» **Study material**
%%

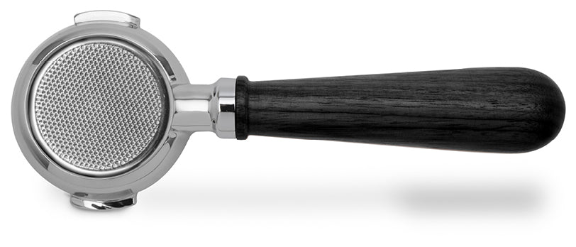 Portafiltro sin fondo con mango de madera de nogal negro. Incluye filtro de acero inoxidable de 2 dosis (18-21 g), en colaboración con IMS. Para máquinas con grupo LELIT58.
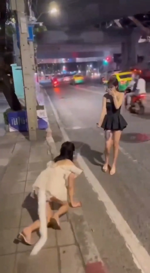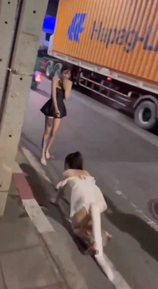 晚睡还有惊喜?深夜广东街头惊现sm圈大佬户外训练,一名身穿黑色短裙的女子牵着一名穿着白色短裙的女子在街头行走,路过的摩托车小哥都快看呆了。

%%
%%

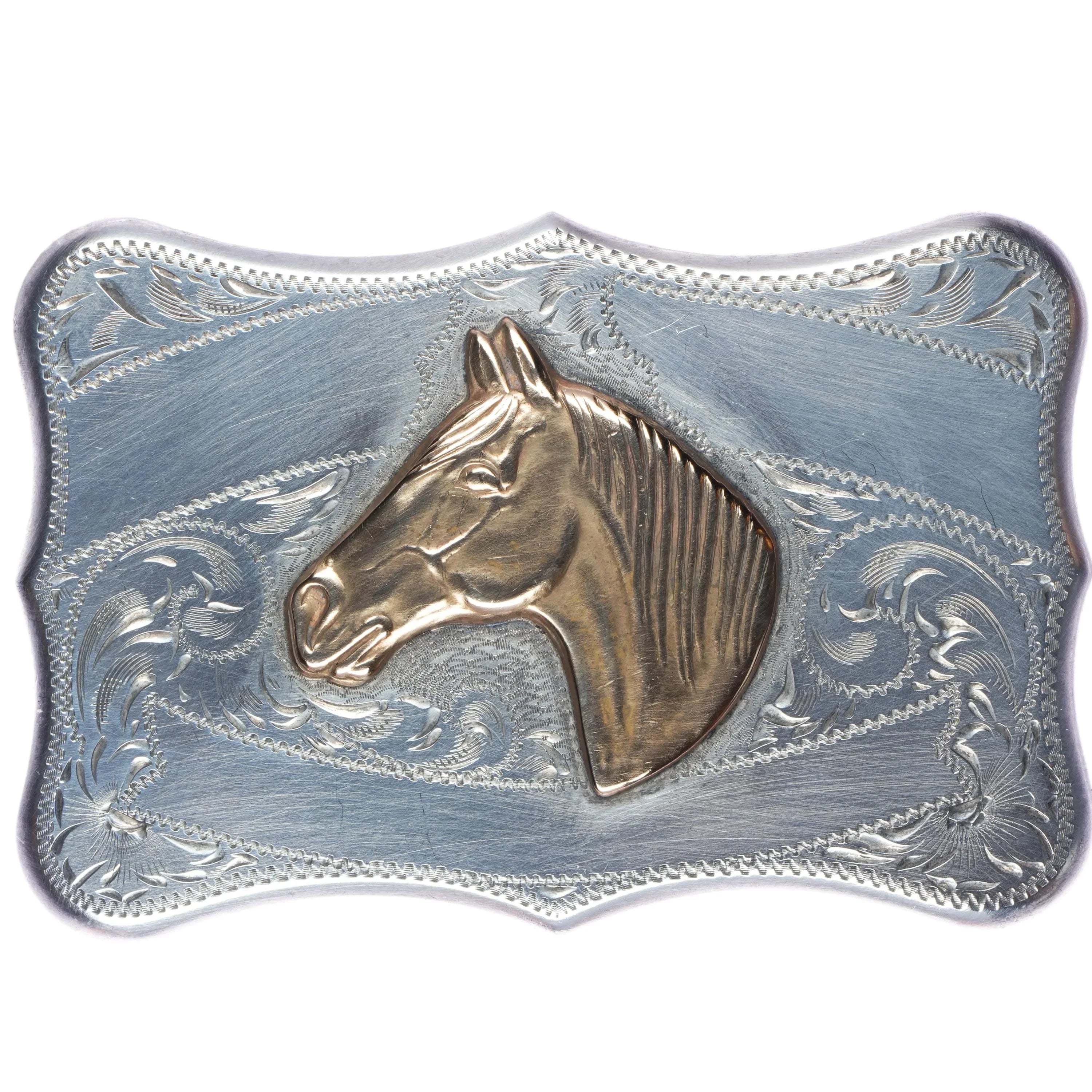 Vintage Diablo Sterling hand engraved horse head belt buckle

%%
%%

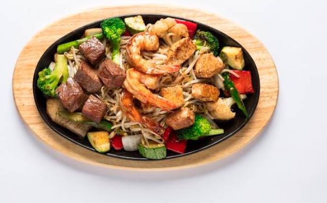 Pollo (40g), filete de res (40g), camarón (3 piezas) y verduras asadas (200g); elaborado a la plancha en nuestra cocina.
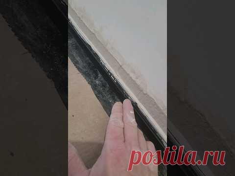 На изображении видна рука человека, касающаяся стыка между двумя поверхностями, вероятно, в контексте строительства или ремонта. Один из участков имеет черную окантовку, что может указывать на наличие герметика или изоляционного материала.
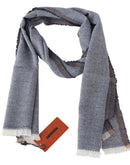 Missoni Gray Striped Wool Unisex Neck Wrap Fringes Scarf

%%

» **Exercise goal**
Reproduce the lines above beginning at the line that contains "На изображении видна" and ending at the line that contains "Missoni Gray Striped". No pictures.

» **Output below**
 На изображении видна рука человека, касающаяся стыка между двумя поверхностями, вероятно, в контексте строительства или ремонта. Один из участков имеет черную окантовку, что может указывать на наличие герметика или изоляционного материала.
 Missoni Gray Striped Wool Unisex Neck Wrap Fringes Scarf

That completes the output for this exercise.